Used by artists and astrologers alike in their interpretation of life’s imagery- mistletoes, chestnuts, and sunflowers are dreamy symbols of ‘affection’, ‘abundance‘, and ‘adoration’.   For me they are seasonal symbols of  ‘good times’ past: winter scenes of Christmas kisses and Christmas songs with mistletoe lyrics and “chestnuts roasting on an open fire” – and – summer scenes filled with sunflower farms, spring-fed mudholes, and sunbathing girls from the city.  But what of the scientific eco-truths behind mistletoes, chestnuts, and sunflowers?

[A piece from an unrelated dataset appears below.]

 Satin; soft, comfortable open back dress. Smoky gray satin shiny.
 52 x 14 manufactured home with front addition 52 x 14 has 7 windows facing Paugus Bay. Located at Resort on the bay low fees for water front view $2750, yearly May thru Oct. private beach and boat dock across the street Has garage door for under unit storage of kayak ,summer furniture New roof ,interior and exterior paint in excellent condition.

Long misunderstood as a parasitic pest that killed trees and destroyed habitats, ‘mistletoe’ has now been rehabilitated in the scientific world as an essential eco- element of forests and woodlands.  Various birds make their nests in mistletoes and many butterfly species are attracted by its nutrients.  So it is that the greater the amount of mistletoes in an ecosystem, the greater the biodiversity of animals.

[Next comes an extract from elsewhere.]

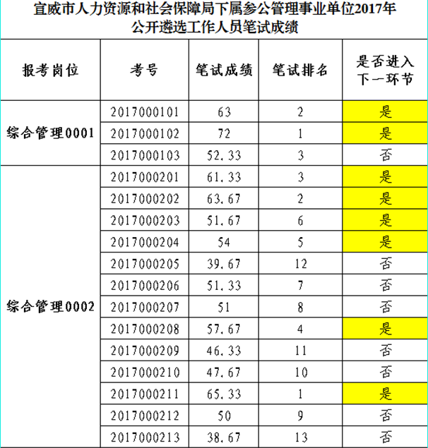 根据《中共宣威市委办公室 宣威市人民政府办公室关于印发〈宣威市市直机关公开遴选公务员实施办法(试行)〉的通知》(宣办发〔2017〕114号)规定,按照《宣威市人力资源和社会保障局下属参公管理事业单位2017年公开遴选工作人员公告》的程序安排,本次遴选笔试工作现已结束,现将笔试成绩及笔试后有关事项公告如下:

Similarly, chestnuts are an important food source for squirrels, deer, jays, pigeons, and wild boar and many insects feed on its seeds. Note: There is a huge difference between ‘horse’ chestnuts and ‘sweet’ chestnuts.  Horse chestnuts are toxic if eaten raw whereas sweet chestnuts can be used to make a whole host of cooking products:

1)  They can be dried and milled into flour which then can be used to make breads, cakes, pancakes, and pastas.

2)  They can be ground up and used as a thickener for soups, stews, and sauces or to make a delicious chestnut stuffing.

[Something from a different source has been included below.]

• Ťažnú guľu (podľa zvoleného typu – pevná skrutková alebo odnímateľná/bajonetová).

3)   They can be boiled and brewed into an exotic form of beer or a coffee-like drink and –

4)  They can be grilled, roasted, or candied as a nice snack food.  Indeed chestnuts were the ‘energy bars’ of the Greek and Roman periods having twice as much starch as potatoes.  Alexander the Great planted chestnut trees all across Europe on his various campaigns and Roman soldiers were given chestnut porridge before battle.

And long before Native Americans were harvesting corn – they were harvesting sunflowers as far back as 8000 years ago!  Today’s oilseed sunflowers are commercial hybrids and are the number two crop in the world for vegetable oil production world wide – second only to soybeans.   Their counterpart, the confectionary sunflowers, produce large black and white seeds that are roasted and sold for snacks or baked in breads or grounded up into ‘sunbutter’.  They are also the preferred food for a wide variety of birds.  But for me, the most amazing eco-fact about sunflowers is their innate ability to remove toxic waste from the soil with their extensive root systems – toxins like lead, arsenic, uranium, Cesium-137, and Strontium-90.  Indeed hundreds of acres of sunflowers are now being planted around the fallout zone of the Fukushima nuclear power plant in Japan to help decontaminate the radioactive soil that resulted from a massive earthquake and tsunami last March.  And now a new technology has emerged that revolves around sunflowers called  ‘rhizo-filtration’ – “a form of bioremediation that involves filtering water through a mass of roots to remove toxic substances or excess nutrients”.  To date, 95% of the residual radiation in ponds surrounding the Chernobyl nuclear power plant in the Ukraine (whose #4 reactor exploded back in 1986) has been extracted by floating rafts of sunflowers.

But the sunflower’s ecological importance does not stop here – in Holland, the fibrous roots of sunflowers have been used to reclaim marshy land areas and turn these areas into farmland.  And their dried stems have also been used to produce fuel – hydrogen fuel and vegetable-oil based fuel which burn 75% cleaner than standard petroleum based diesel products.

As for Vincent Van Gogh, sunflowers were symbolically a vibrant source of happiness.   In spite of his mood swings and great depression, he continued to paint them.  I wonder now if Van Gogh was onto something greater – addressing the needs of future generations – perhaps our own “green pursuit of happiness”?